De multiples associations sont possibles, permettant de décrire de nombreux syndromes. La paralysie peut être d’origine centrale, tel le syndrome de Wallenberg, ou d’origine périphérique avec atteinte, au niveau du foramen jugulaire, du canal du nerf hypoglosse et de l’espace rétrostylien, des nerfs glossopharyngien (IX), accessoire (XI), hypoglosse (XII) et des fibres sympathiques. Ces paralysies entraînent outre la dysphonie, une atteinte du voile du palais, du pharynx, de l’épaule et de la langue, un syndrome de Claude Bernard-Horner.
Les causes sont avant tout tumorales : tumeurs malignes (du cavum, du rocher, du lobe profond de la parotide, des voies aéro-digestives supérieures, du corps thyroïde) où participent à la fois l’infiltration tumorale et l’adénopathie satellite, tumeurs nerveuses (schwannome, paragangliome). Les causes traumatiques, inflammatoires sont beaucoup plus rares.
A. Wallenberg, médecin interniste allemand (1895) ; C. Bernard, physiologiste français, membre de l’Académie de médecine (1858); J. F. Horner, ophtalmologiste suisse (1869)
→ Wallenberg (syndrome de), dysphonie, Claude Bernard-Horner (syndrome de), schwannome, paragangliome
paralysie laryngée bilatérale l.f.
bilateral laryngeal paralysis
Paralysie bilatérale par atteinte le plus souvent des deux nerfs laryngés inférieurs et plus rarement des deux nerfs vagues. On distingue les paralysies des dilatateurs et la paralysie complète du larynx.
→ paralysie complète du larynx, paralysie des dilatateurs
paralysie laryngée unilatérale l.f.
unilateral laryngeal paralysis
Paralysie qui est soit de type récurrentiel, soit de celui de la paralysie laryngée associée.
paralysie obstétricale l.f.
obstetric paralysis
Paralysie plus ou moins complète du membre supérieur du nouveau-né, liée à une atteinte du plexus brachial lors d'un accouchement difficile.
L'atteinte par élongation intéresse les racines antérieures dans leur segment intrarachidien ou extrarachidien, ou les troncs du plexus brachial, selon un niveau et une étendue très variables. Elle peut survenir dans la dystocie des épaules, le plexus subissant une élongation si l’épaule résiste à l’abaissement. Au cours d’une rétention de tête dernière, lors d’un accouchement par le siège, le mécanisme de l’élongation se fait en sens inverse. La paralysie touche électivement le deltoïde, les muscles rorateurs externes de l’épaule, les muscles antérieurs du bras (biceps et brachial antérieur) , le long supinateur.
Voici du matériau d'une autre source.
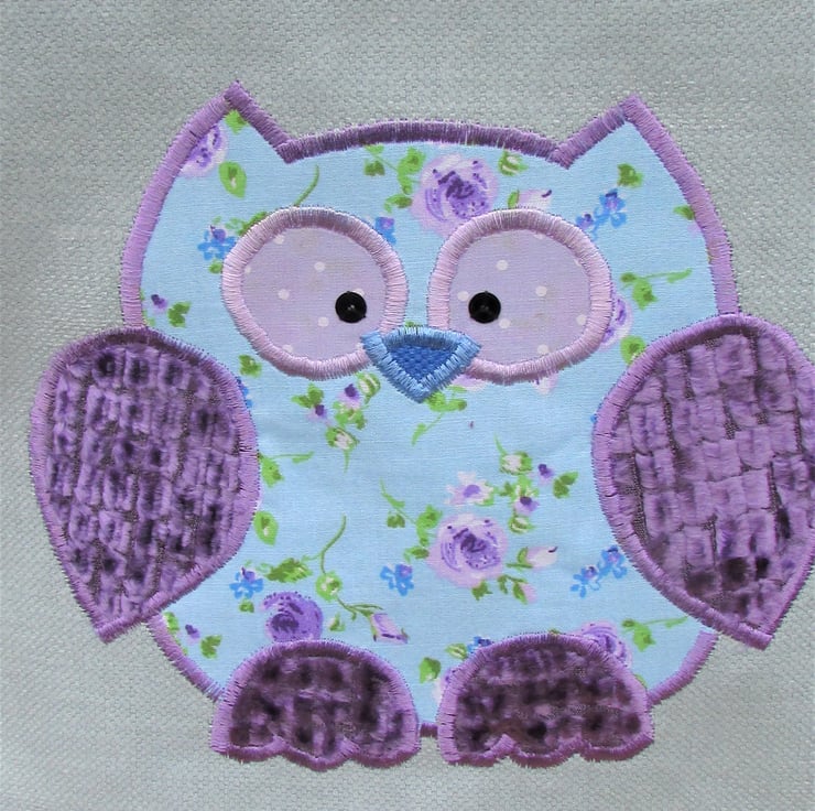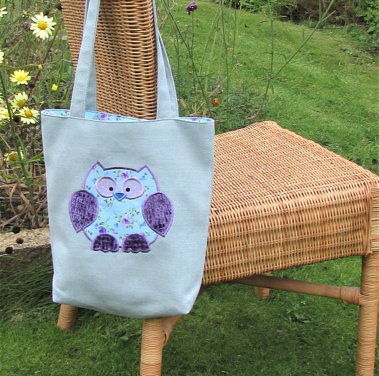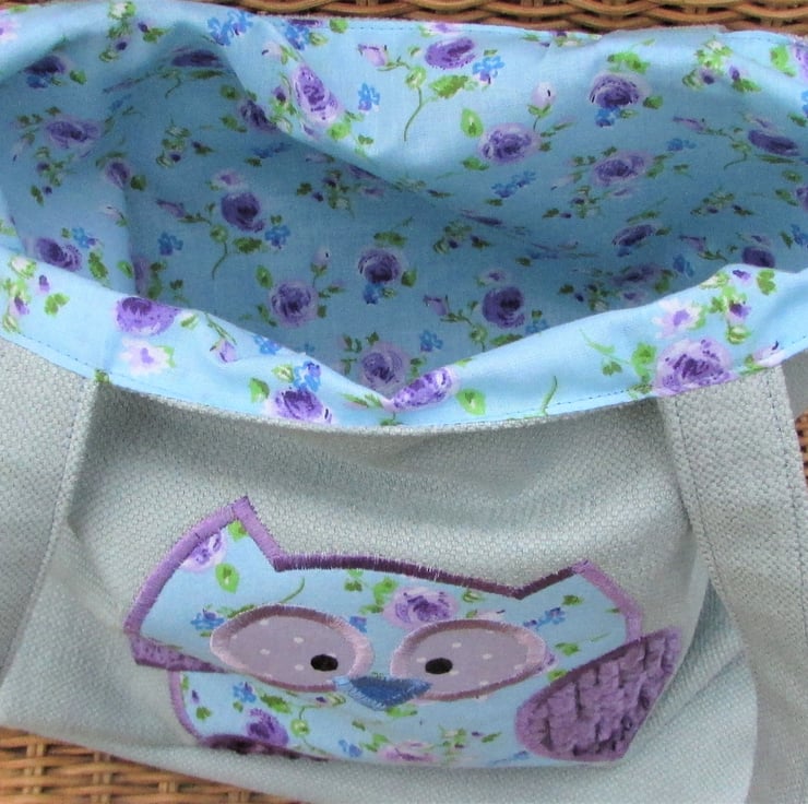 A pretty owl tote bag in pale blue fabric with a cute applique owl. The main body of the owl is made from a floral print fabric with purple flowers on a pale blue background. The wings and feet are a luxurious purple textured velvet with a raised pattern of little squares. The owl has a blue beak and eyes made from lilac fabric with white polka dots and embellished with black sequins. The bag is fully lined with floral fabric which matches the main body of the owl.

On distingue schématiquement:
- la paralysie supérieure C5 et C6 ou du tronc primaire supérieur de type Duchenne-Erb ou Erb I,
- la paralysie du tronc moyen C7 rarement isolée,
- les paralysies inférieures C7, C8 et T1 de type Dejerine-Klumke,
- les paralysies totales.
La récupération complète ou incomplète, en six semaines à deux mois, ne se voit que dans les paralysies partielles et plexiques. Elle procède de la main vers l’épaule. Les séquelles définitives surviennent après arrachement radiculaire ou lésion étendue du plexus. Le membre impotent avec des troubles trophiques musculaires et osseux garde son attitude vicieuse. Le traitement est essentiellement à base de kinésithérapie. Le traitement chirurgical intervient plus tard en présence de séquelles graves.
Les paralysies obstétricales du membre inférieur paraissent aujourd'hui exceptionnelles.
Augusta Dejerine-Klumke, neurologue française (1885 et 1908)
Syn. paralysie obstétricale du plexus brachial
paralysie oculomotrice extrinsèque l.f.
external ophthalmoplegia
Paralysie des muscles extrinsèques du globe oculaire innervés par les nerfs oculo-moteurs, trochléaire et abducens.
La paralysie peut être complète ou partielle si tous les muscles innervés par le nerf oculo-moteur ne sont pas atteints. En clinique quotidienne, quand on parle de paralysie oculomotrice, d'ophtalmoplégie ou de strabisme paralytique, il s'agit toujours de paralysie oculomotrice extrinsèque.
paralysie oculomotrice intrinsèque l.f.
internal ophthalmoplegia
Paralysie de l'accommodation et de la pupille qui reste en mydriase.
Elle est isolée ou associée à une atteinte complète ou partielle des muscles extrinsèques du globe oculaire innervés par le nerf oculo-moteur.